# SuperNate please reply



## FeederFish33 (Jan 22, 2003)

I have a question about the wet dry. Should I get one or two drains? Also, should I get one or two return holes? How big do the overflows have to be?


----------



## Sir Nathan XXI (Jan 29, 2003)

2 of each are best, use 1" or 1.25" bulkheads for drains and 3/4" for returns

overflow can be as big or small as you want, it depends on what layout you are using? tell me what you decided on how you will set it up?


----------



## FeederFish33 (Jan 22, 2003)

what do you mean layout? i will have an overflow box in the two back corners if thats what you mean.


----------



## Sir Nathan XXI (Jan 29, 2003)

both drains on one end, and both returns on one end?


----------



## FeederFish33 (Jan 22, 2003)

yes. that is my layout. Also, is there a way that I can adjust the current flow? I want it to be powerful, but not too powerful.


----------



## Sir Nathan XXI (Jan 29, 2003)

FeederFish33 said:


> yes. that is my layout. Also, is there a way that I can adjust the current flow? I want it to be powerful, but not too powerful.
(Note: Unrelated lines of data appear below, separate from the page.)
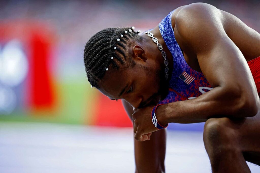 Noah Lyles, známý svými sebevědomými projevy, vstupoval do závodu s jasným cílem – zopakovat své předchozí triumfy a přidat ke svým úspěchům další zlato. Ještě před startem působil energicky a sebejistě, jeho gesta naznačovala odhodlání vyhrát. Během závodu však začal zaostávat, což vyvolalo spekulace, zda mu došly síly nebo jestli ho trápí zdravotní problémy. Po doběhu zůstal ležet na dráze a musel být ošetřen lékaři, kteří mu pomohli z dráhy.
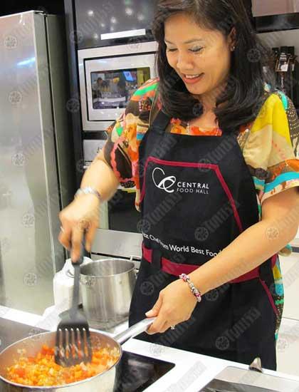 ความรู้เหล่านี้ได้รับการบอกเล่าจาก คุณหล่อน-ภัทรพร เพ็ญประพัฒน์ เจ้าแม่กระเช้าปีใหม่ของเซ็นทรัล ฟู้ด รีเทล ซึ่งช่วยสาธยายให้ฟังนั่นเอง และไม่ใช่ว่าคุณหล่อนเธอจะถนัดแต่เรื่องกระเช้าปีใหม่นะคะ เธอยังถนัดชิมอีกด้วย เพราะความที่เป็นบายเออร์ (จัดซื้อ) ด้านอาหารมาก่อน จึงต้องชิมตลอดเพื่อเลือกสั่งสินค้าเข้าห้างฯได้ถูก ยิ่งบริษัทนำเข้าสินค้าจากทั่วโลกเยอะมาก คุณหล่อนจึงต้องพยายามเรียนรู้ในเรื่องการทำอาหารไปด้วย เพื่อจะได้รู้ว่าเครื่องปรุงแต่ละชนิด สามารถนำมาปรุงอาหารอะไรได้บ้าง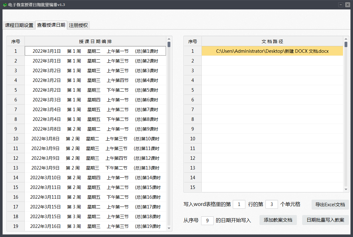 电子教案授课日期批量编排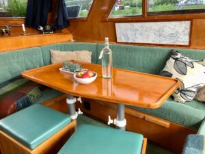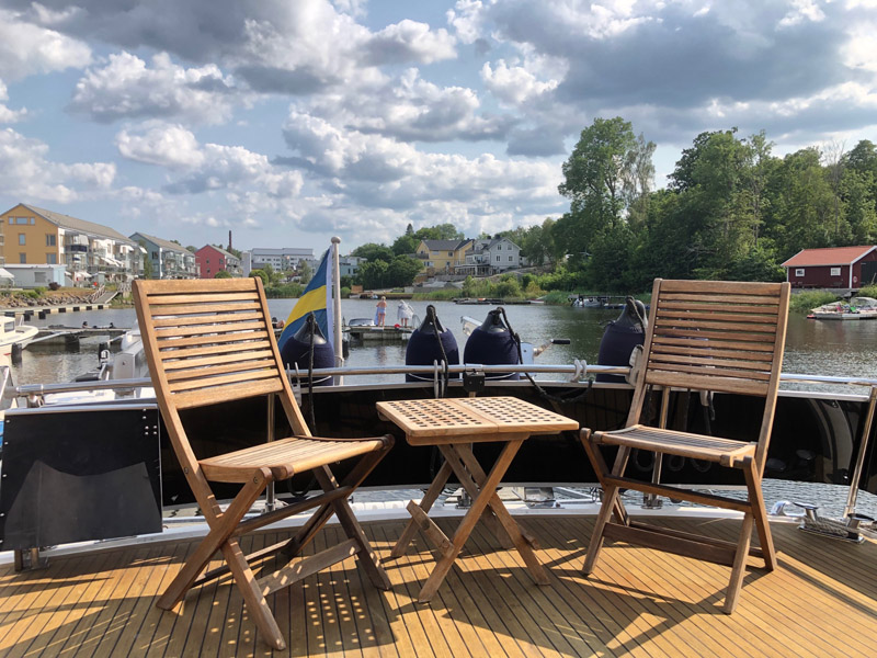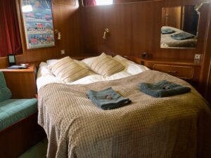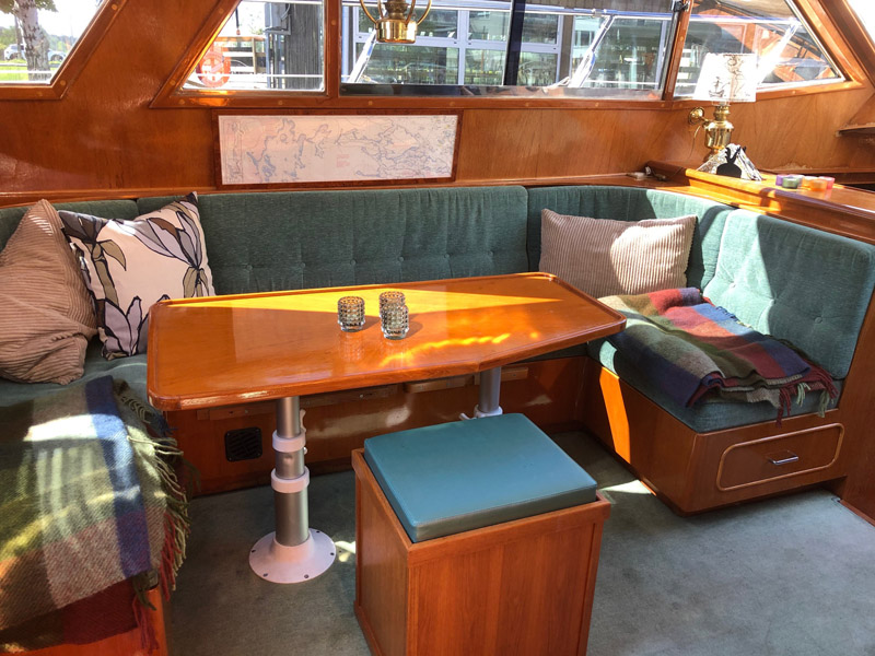 Den trivsamma och fullt utrustade båten Elvira ligger förtöjd vid brygga ca 150 meter från Pensionat Kanalvillan. Flybridge, fullt utrustat kök, 2 toaletter varav en med dusch, mastercabin samt sovhytt med mindre dubbelsäng. Plats för 4 personer.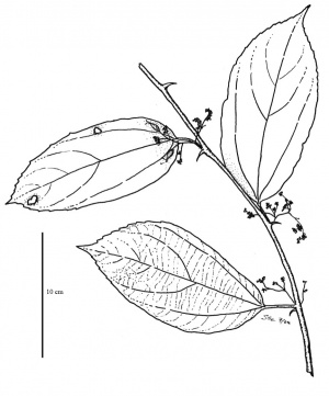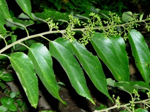 Description: This is one of the few families that are more diverse and important in the temperate zones than in the tropics. Ulmaceae are characterized by simple, alternate leaves with asymmetric bases and stipules. Most species have strong bark, though not as strong as Annonaceae. Almost all Ulmaceae have toothed leaf margins; Celtis schippii is the only exception at La Selva. Two of the five species here are lianas: Celtis iguanaea has toothed, non-asperous leaves and spines, while Celtis schippii has entire, asperous leaves and no spines. Ampelocera macrocarpa, an understory tree of old-growth forest, has large, glossy leaves with very obscure teeth and conspicuously asymmetrical leaf bases. The two Trema species are understory trees, common in secondary forest or disturbed areas.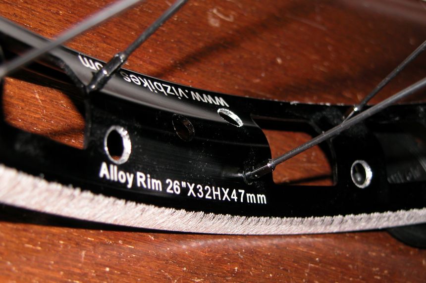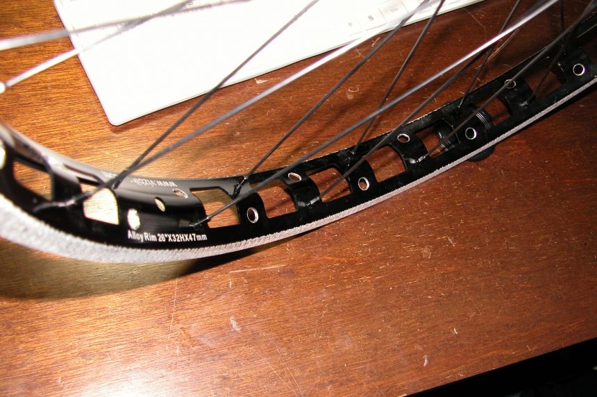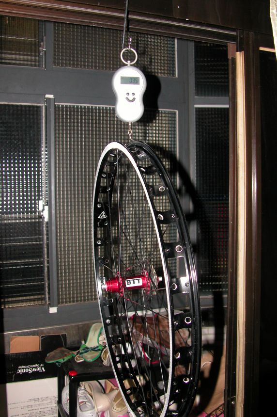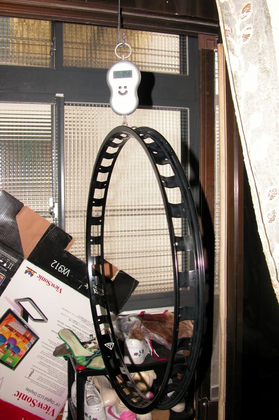 這個新框 26" 47mm 在未鑽洞下重量約580g. 而我舊的框 26" 42mm 鑽了洞是640g. 重量上差不多, 不過寬度的增加和它較為交錯的幅條, 整體上穩定很多.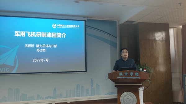 应我校航空学院飞行器先进设计技术国防重点学科实验室教授魏小辉邀请,沈阳飞机设计研究所能力总体与IT部副部长孙志彬研究员于2022年7月20日访问我校,并为我校师生做了题为“军用飞机研制流程简介”的学术报告。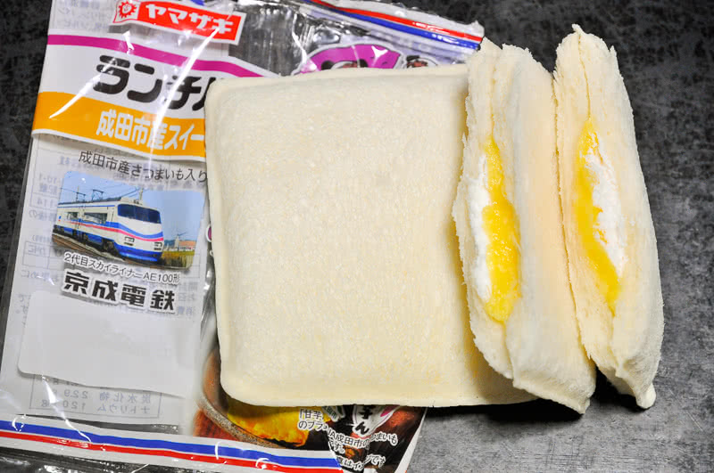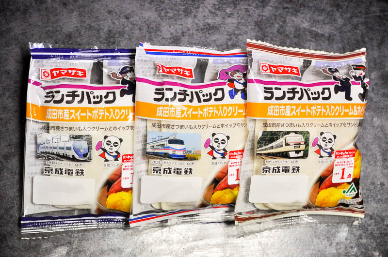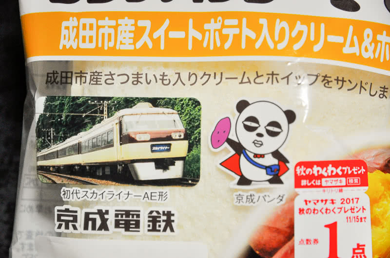『ランチパック 成田市産スイートポテト入りクリーム&ホイップ』は、山崎製パンの人気商品のランチパックに、JA成田市が千葉県成田市で収穫した さつまいも「クイックスイート(甘芋ん)」を使うことに徹底的にコダワッって開発された商品で、その味は「甘芋ん」の風味に、甘過ぎないホイップを加えることにより一層 「甘芋ん」の素材を引き立たせた仕上がりになっている。甘党はもちろんだが、包材に「スカイライナー」3世代の写真を掲載しているので、鉄道好きもネタとして目が離せない存在といえるだろう。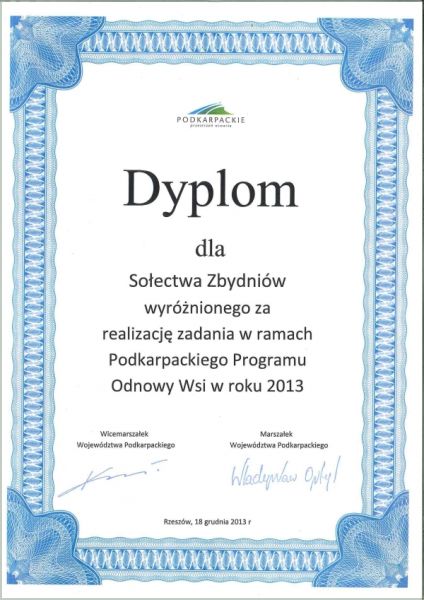 18 grudnia br. w Urzędzie Marszałkowskim Województwa Podkarpackiego odbyło się spotkanie podsumowujące drugi rok funkcjonowania Podkarpackiego Programu Odnowy Wsi. Pieniądze z tego programu są wykorzystywane na różnego rodzaju zadania aktywizujące lokalne wiejskie społeczności. W tym roku samorząd województwa przeznaczył na realizację programu 875 tys. zł, z czego 10 tys. otrzymało sołectwo Zbydniów.
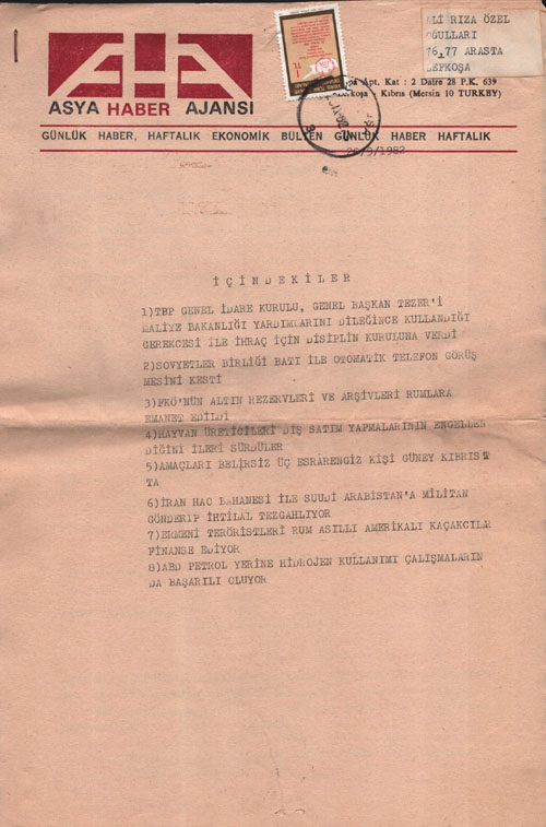 Turkish Cyprus: 1982 (20 September). Asya Haber Ajansi five pages stapled daily newspaper posted in Lefkosa (Nicosia) franked with 1tl Islam Federation stamp. Very rare.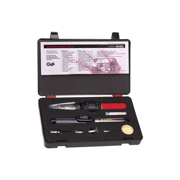 - Kit includes 4 extra tips, cored solder and cleaning sponge in a tough case

 put ball valves on close to the pump, you close them slightly to reuce flow rate, or if you want the same flow rate but less pressure you use a bigger return nozzle, the kind that come with over flow kits use 3/4" tubing with a 1/2" opening on the return nozzle however, if you just use a 3/4" PVC elbow instead the flow rate will be the same but the current is no where nearly as strong

I as for the overflow, the one for you two returns should be as small as possible, but still giving you enough room to clean it out, for the drains it depends but I would imagine something that is 3" wide and 6" long would be good enough as long as the water can get through the grating fast enough at the top

check out this link Overflows

that is what square ones look like


----------



## FeederFish33 (Jan 22, 2003)

Should I get my overflows drilled like the ones on that link?


----------



## hydroshutter (Jan 12, 2003)

you couldnt have just pm'ed him that question?


----------



## FeederFish33 (Jan 22, 2003)

yeah i could have, but I didnt feel like it.


----------



## InSinUAsian (Jan 3, 2003)

Waste of boardspace. Should have used PM.

~Dj


----------



## FeederFish33 (Jan 22, 2003)

Thanks for the tip.


----------



## Sir Nathan XXI (Jan 29, 2003)

perhaps other people are curious though, yes you need holes or slits in the top that way big things like food, leaves or other debris dont flow into the overflow, feeders too


----------